## ABOUT THIS TASK
For the data that follows, print the line with "6月13日,河南省第十二届运", the line with "More than just", and all lines between them, exactly as they stand. Omit pictures and add nothing.

## RECORDS TO USE

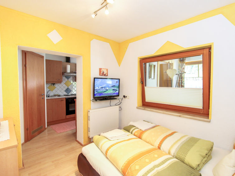 Appartement 2-kamers 42 m2, op de begane grond. Het objekt is geschikt voor 2 volwassenen + 2 kinderen. Smaakvol en gezellig ingericht: hal. 1 2-pers. kamer. Woon-/slaapkamer met 1 2-pers divanbed en Kabel-TV (Flatscreen TV). Open keuken (4-pits kookplaat, oven, afwasmachine, broodrooster, waterkoker, magnetron) met eettafel, radio. Douche/WC. Zithoek in de tuin. Terrasmeubelen, bergruimte. Mooi uitzicht op de bergen en het landschap. Ter beschikking: haardroger. Internet (Internet (WiFi)). Let op: geschikt voor families. Privé ingang.
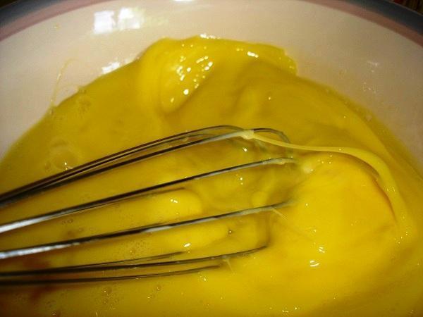 Pegue em um recipiente e bata os ovos de forma enérgica com a ajuda de um batedor manual. Agora, só tem que misturar os ovos batidos com a espécie de compota de maçã que preparou anteriormente, mexa até que os ingredientes tenham se integrado completamente.
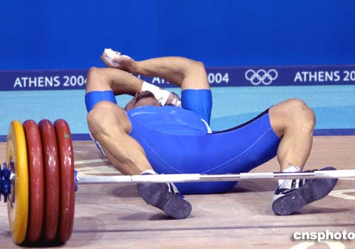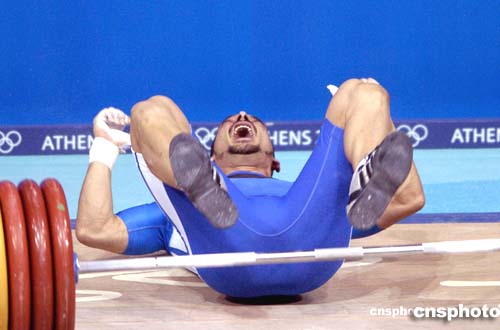 圖為85公斤級男子舉重比賽銅牌得主希臘選手迪馬斯在比賽中。
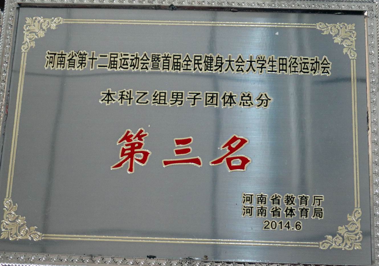 6月13日,河南省第十二届运动会暨首届全民健身大会“广义杯”大学生田径运动会在信阳职业技术学院胜利闭幕。体育学院代表我校夺得本科乙组男子团体总分第3名,并以总分91分的好成绩夺得本科乙组团体总分第6名,这是我校自2006年来第4次闯入本科乙组团体前6强,充分展示了我校体育专业良好的教学和训练水平。
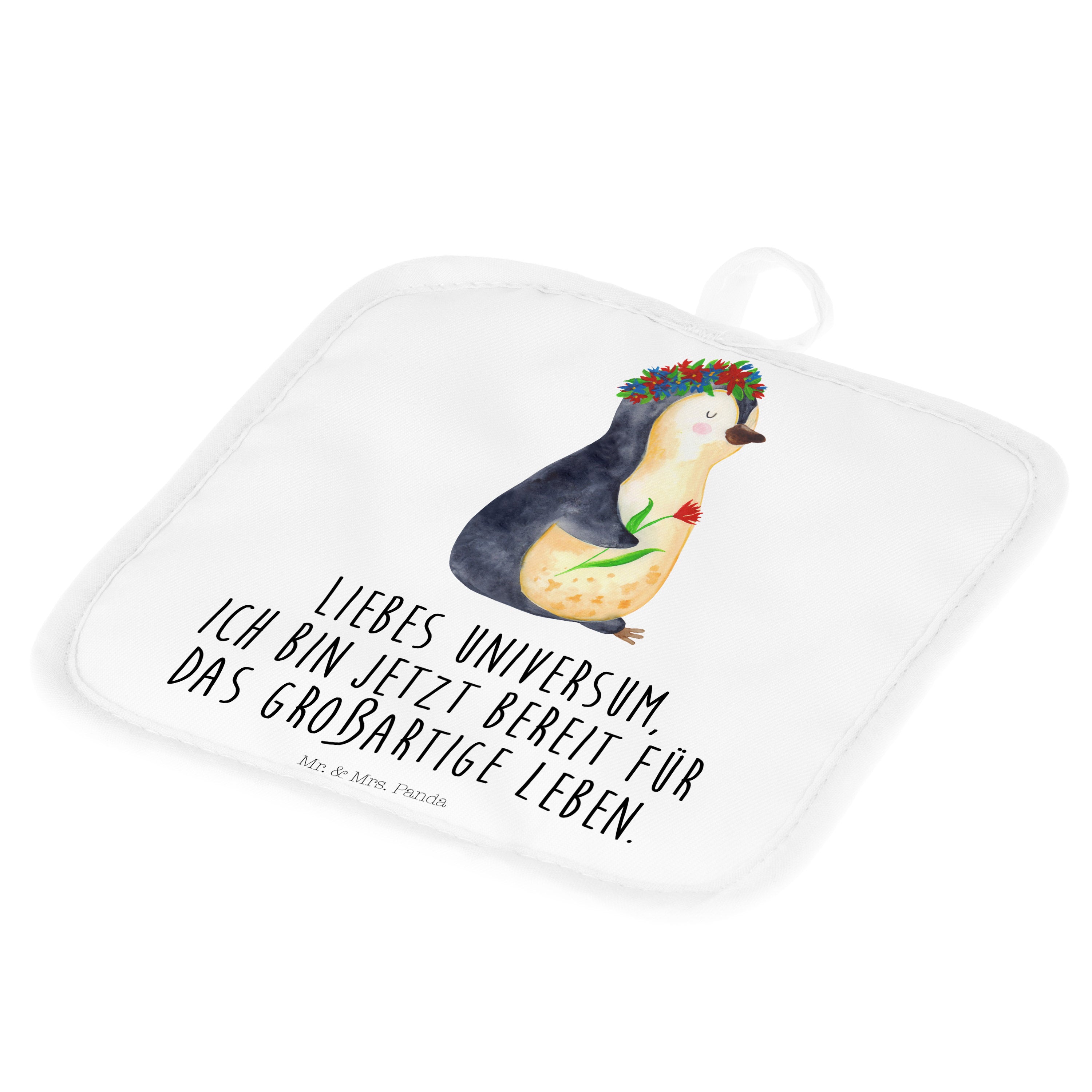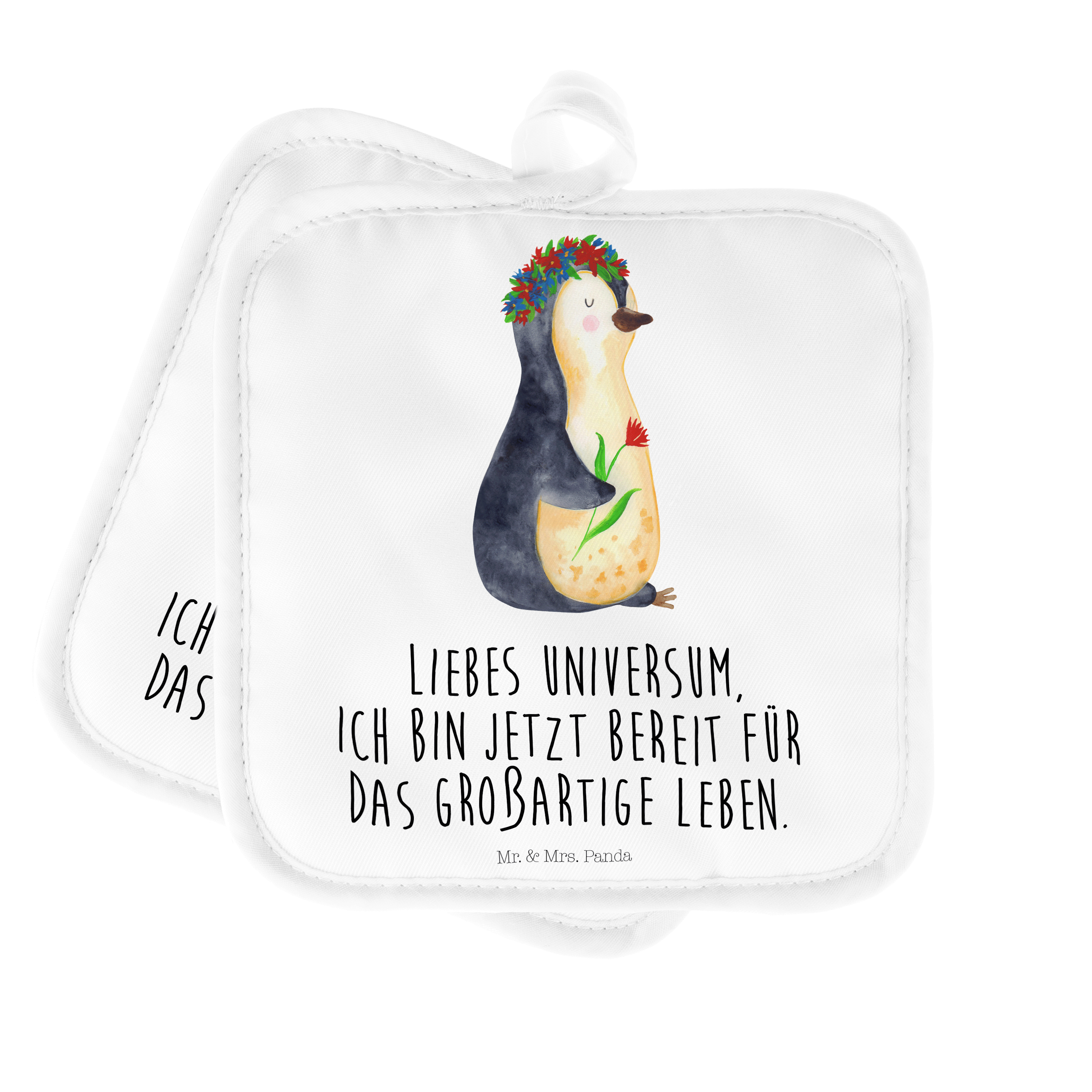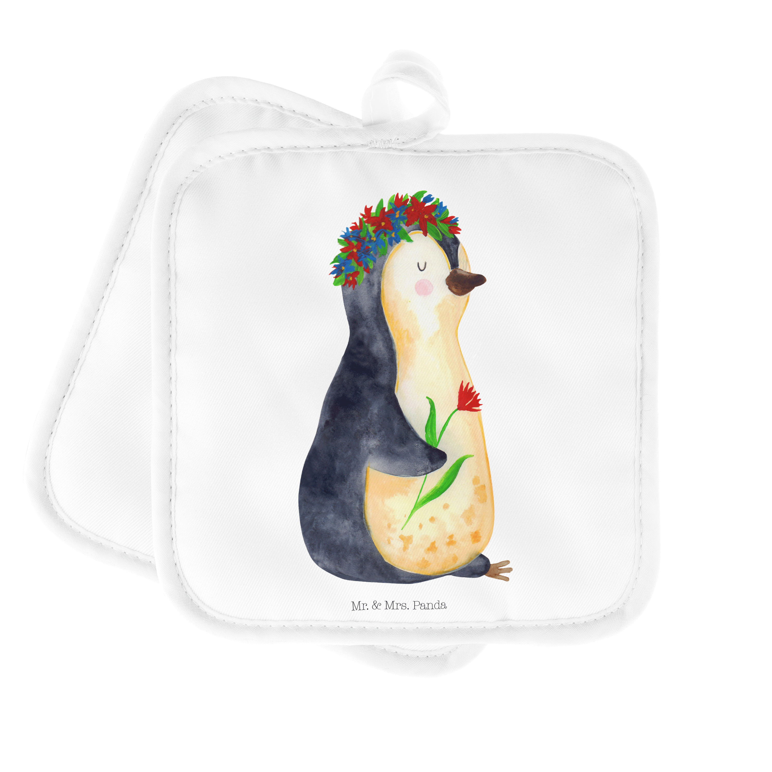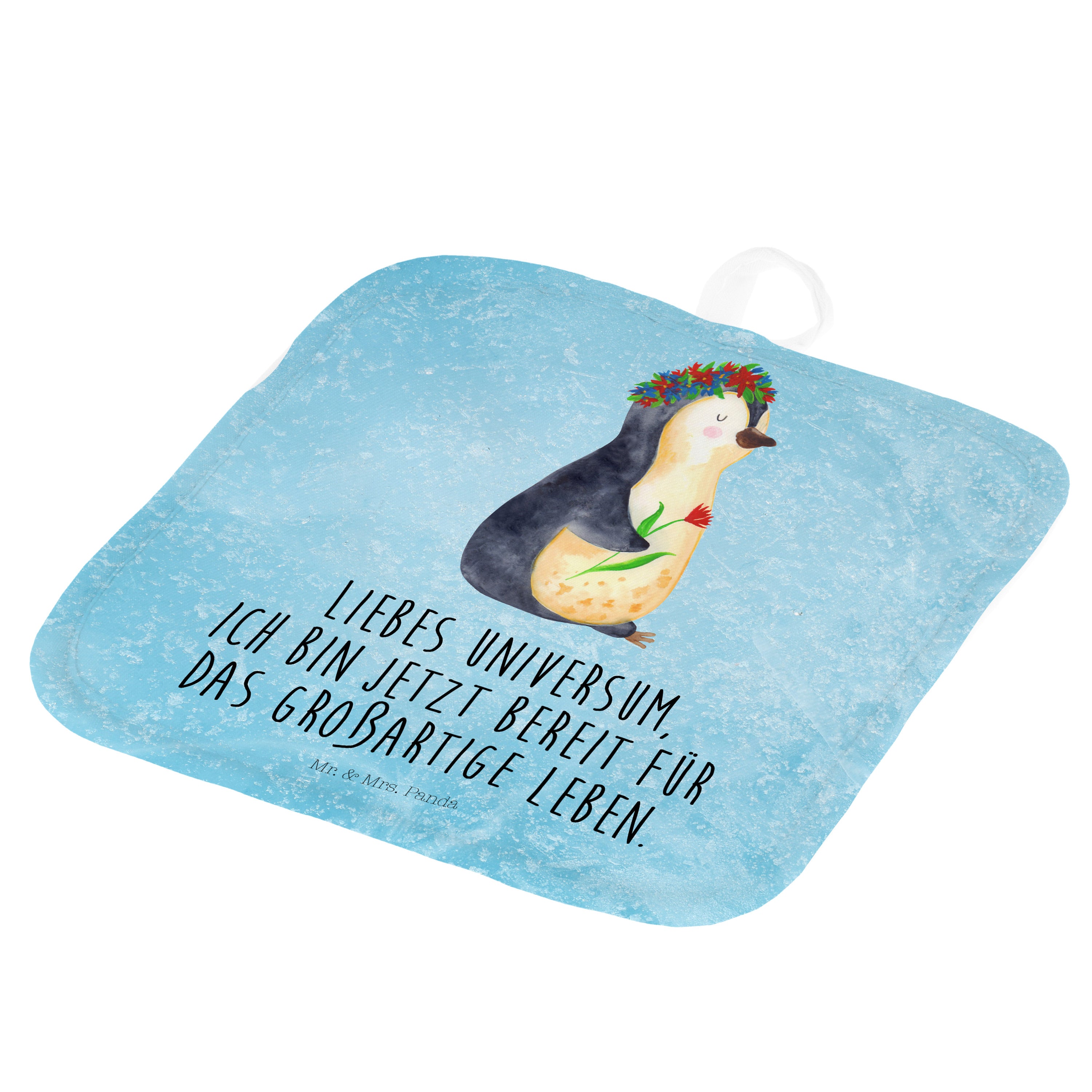 2er Set Topflappen Pinguin Blumenkranz - mit Spruch - Eisblau
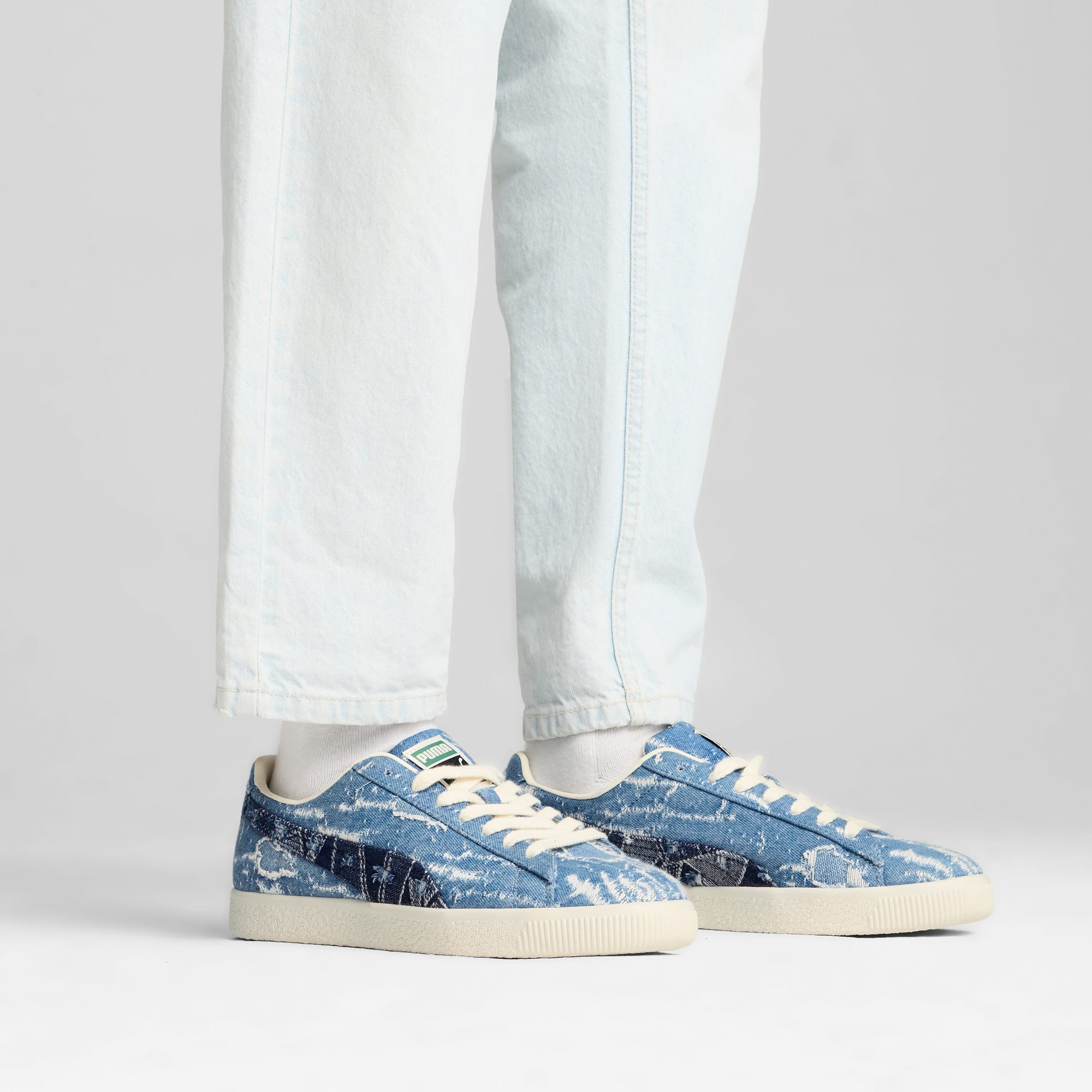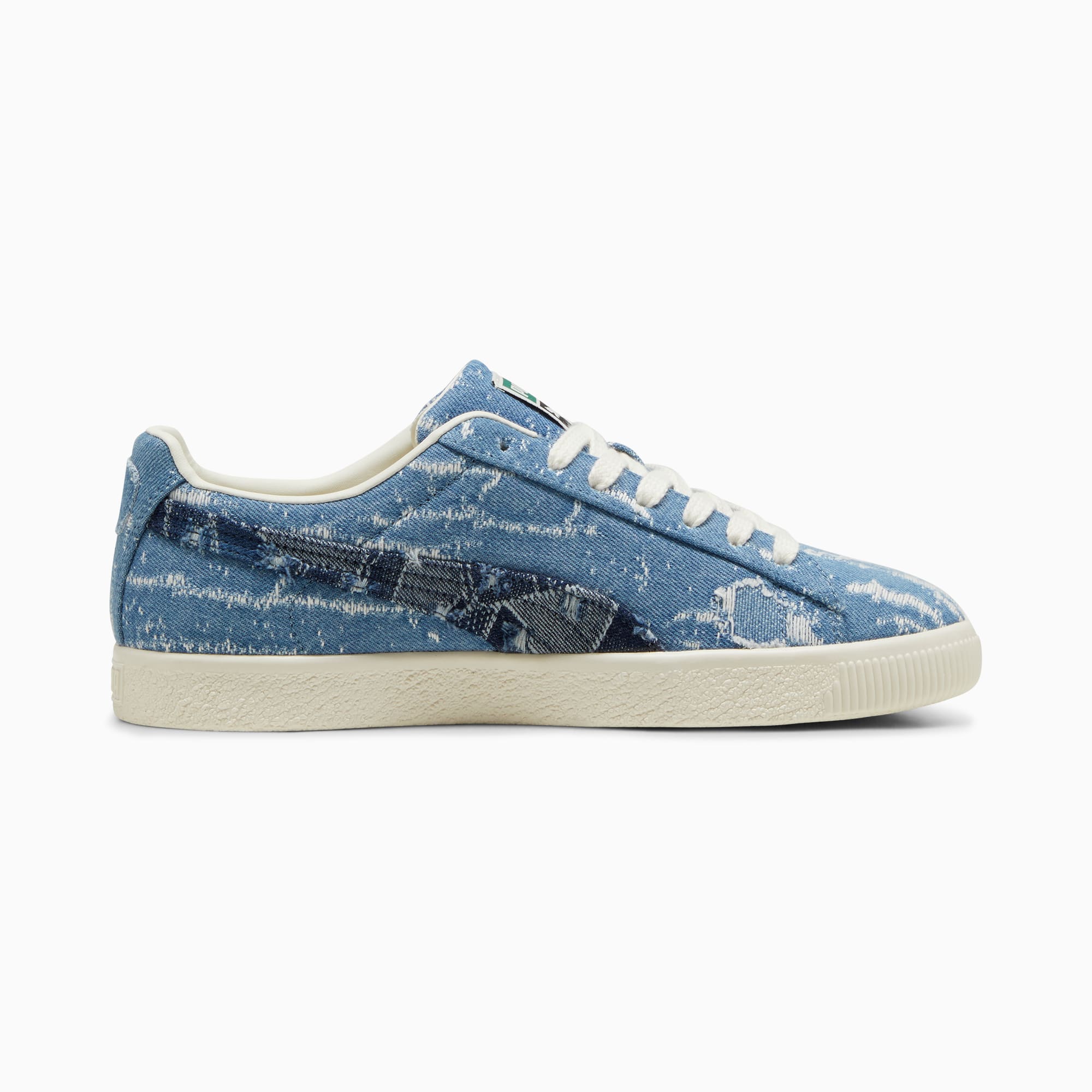 More than just a sneaker – the Clyde is a true icon from the pumthta archive. Just like its namesake, Walt "Clyde" Frazier, the Clyde embodies fashion, culture, and basketball heritage with confidence and flair. This version features a washed denim upper with a "wear and tear" look.
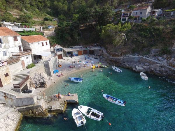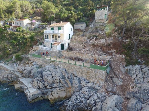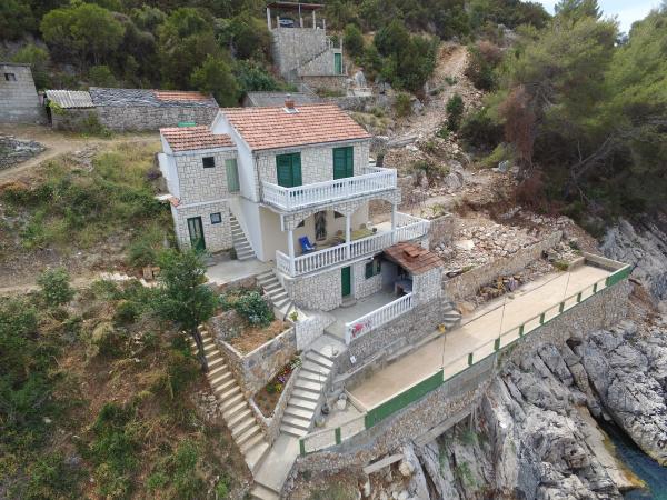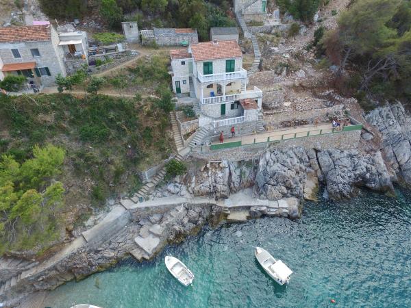 The house is situated in a quiet bay, refuting, 8 km from Gdinj on the sunny island of Hvar. This is an ideal place for vacation, especially for people who want to get away from city crowds and experience the real Robinson Crusoe. Lighting in the home is solar 12 V, there is a possibility of charging cell phones, while the water from the tank. The house is located only 20 m from the sea. It consists of four comfortable bedrooms, 3 bathrooms with toilet, two spacious terraces. From the terrace, with magnificent views of the bay, refuting with a direct view of the sea, islands and Makarska. Guests have the option of parking, barbecue, and playgrounds for God. Ideal for families with small children.
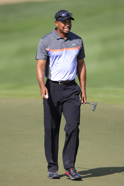 Tiger Woods may look in pain but he was singing the praise of Rory McIlroy on the opening day of the 2014 Dubai Desert Classic.  (Photo - Eoin Clarke/www.golffile.ie)

## TASK SOLUTION
 6月13日,河南省第十二届运动会暨首届全民健身大会“广义杯”大学生田径运动会在信阳职业技术学院胜利闭幕。体育学院代表我校夺得本科乙组男子团体总分第3名,并以总分91分的好成绩夺得本科乙组团体总分第6名,这是我校自2006年来第4次闯入本科乙组团体前6强,充分展示了我校体育专业良好的教学和训练水平。
 2er Set Topflappen Pinguin Blumenkranz - mit Spruch - Eisblau
 More than just a sneaker – the Clyde is a true icon from the pumthta archive. Just like its namesake, Walt "Clyde" Frazier, the Clyde embodies fashion, culture, and basketball heritage with confidence and flair. This version features a washed denim upper with a "wear and tear" look.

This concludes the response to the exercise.